It was like the barrack-room I’d had as a sergeant, waiting for Intelligence training. Iron bed, a tiny locker, plain black curtains at the window. On the windowsill there were some withered crumbs. I suppose no pigeon fancied them when just a short flight away the tourists would be throwing them croissants, and they could sit down and eat with a view of St James’s Park.
There was a school yard visible from the window. The rain had stopped and the sun was shining. Swarms of children made random patterns as they sang, swung, jumped in puddles and punched each other with the same motiveless exuberance that, organized, becomes war. I closed the window and the shouting died. There were dark clouds; it would rain again.
‘Worth a search?’ said Dawlish.
I nodded. ‘There will be a gun. Sealed under wet plaster perhaps. He’s not the kind of man to use the cistern or the chimney: either tear it to pieces or forget it.’
‘It’s difficult, isn’t it,’ said Dawlish. ‘Don’t want to tear it to pieces just to find a gun. I’m interested in documents – stuff that he needs constant access to.’
‘There will be nothing like that here,’ I said.
Dawlish walked into the second bedroom. ‘No linen on the bed, you notice. No pillows, even.’
I opened the chest of drawers. There was plenty of linen there; all brand new, and still in its wrappings.
‘Good quality stuff,’ said Dawlish.
‘Yes, sir,’ I said.
Dawlish opened the kitchen cupboards and recited their contents. ‘Dozen tins of meat, dozen tins of peas, dozen bottles of beer, dozen tins of rice pudding. A package of candles, unused, a dozen boxes of matches.’ He closed the cupboard door and opened a kitchen drawer. We stared at the cutlery for a moment. It was all new and unused. He closed it again without comment.
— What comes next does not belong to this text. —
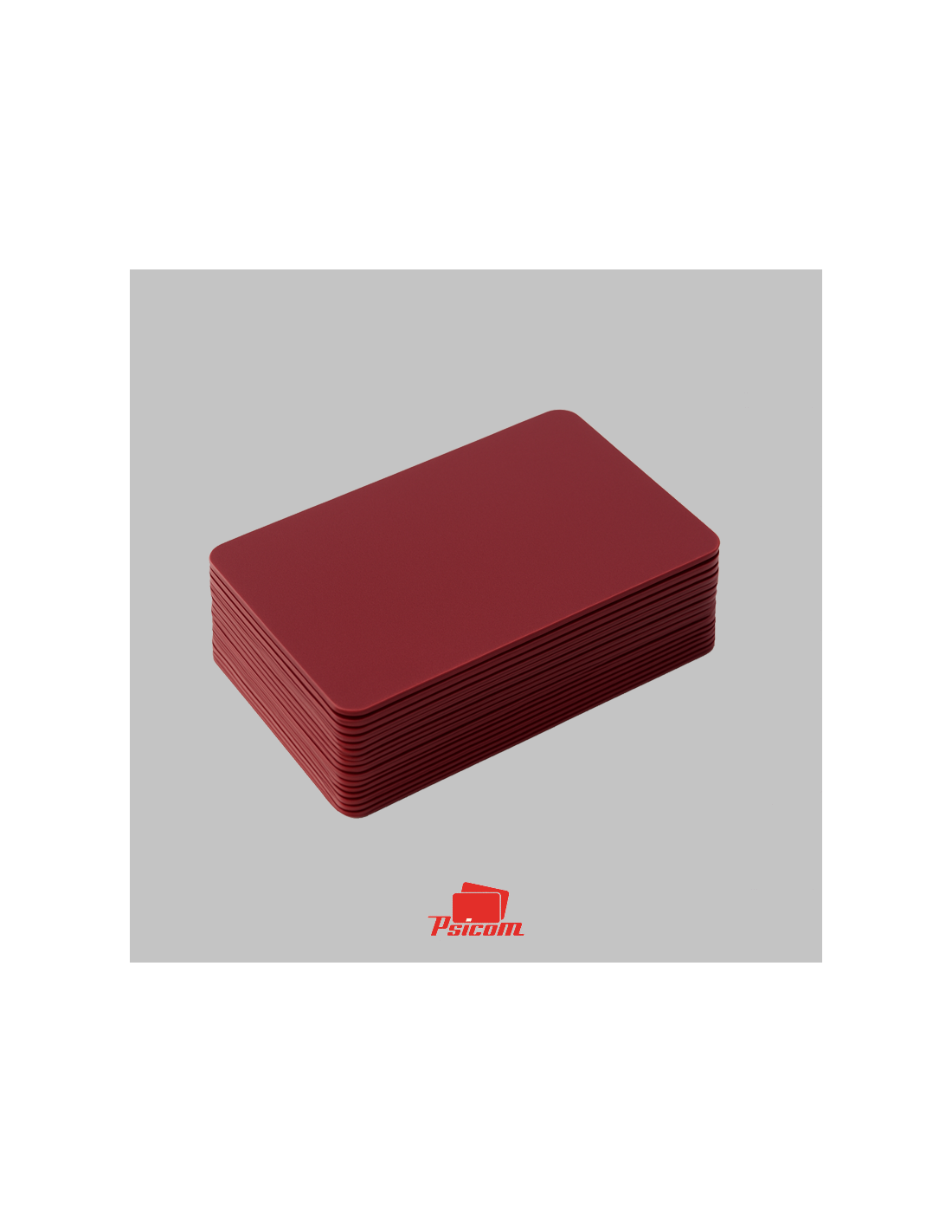 Référence : PSICV025 - Carte PVC laminé 0,76 mm, format 86 x 54 mm, coins arrondis, fond bordeaux brillant, R° V°, teintée dans la masse.
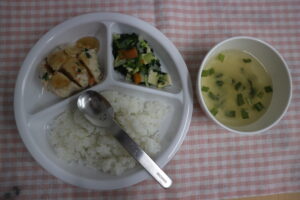 4月27日(月)給食・おやつ 公開済み: 2026年4月27日更新: 2026年4月27日作成者: ことね保育園カテゴリー: 調理室から 給食🍚🍴 ☆ごはん ☆野菜つくね ☆青菜煮びたし ☆スープ(大根、ニラ) おやつ(🕒✨15時) ☆鮭ごまおにぎり ☆麦茶 関連記事 1月18日(月)給食・おやつ 給食🍚🍴 ☆ごはん ☆豚かぼちゃ ☆白菜の和風サラダ ☆みそ汁(豆腐、わかめ) 白菜たっぷりの和風サラダ🥗✨ 葉っぱにある黒斑はポリフェノールなので、問題は […] 公開済み: 2021年1月18日更新: 2021年1月18日作成者: ことね保育園カテゴリー: 調理室から 5月30日(金)給食・おやつ 給食🍚🍴 ☆ごはん ☆ポークビーンズ ☆白菜とレーズンのサラダ ☆スープ(豆腐、小松菜) 畑の肉…大豆をたくさん食べられるポークビーンズですよ~😝👏 粗く […] 公開済み: 2025年5月30日更新: 2025年5月30日作成者: ことね保育園カテゴリー: 調理室から 4月26日(月)給食・おやつ 給食🍚🍴 ☆ごはん ☆ポークビーンズ ☆コールスローサラダ ☆みそ汁(小松菜、エノキ) じゃがいもが入った、ボリュームのあるポークビーンズ🤩✨✨ […] 公開済み: 2021年4月26日更新: 2021年4月26日作成者: ことね保育園カテゴリー: 調理室から

‘No caretaker,’ I said. ‘No landlady, no doorman.’
‘Precisely,’ said Dawlish. ‘And I’ll wager that the rent is paid every quarter day, without fail, by some solicitor who has never come face to face with his client. No papers, eh?’
‘Cheap writing-pad and envelopes, a book of stamps, postcards with several different views of London – might be a code device – no, no papers in that sense.’
‘I look forward to meeting your friend Champion,’ said Dawlish. ‘A dozen tins of meat but three dozen bars of soap – that’s something for Freud, eh?’
I let the ‘your friend’ go unremarked. ‘Indeed it is, sir,’ I said.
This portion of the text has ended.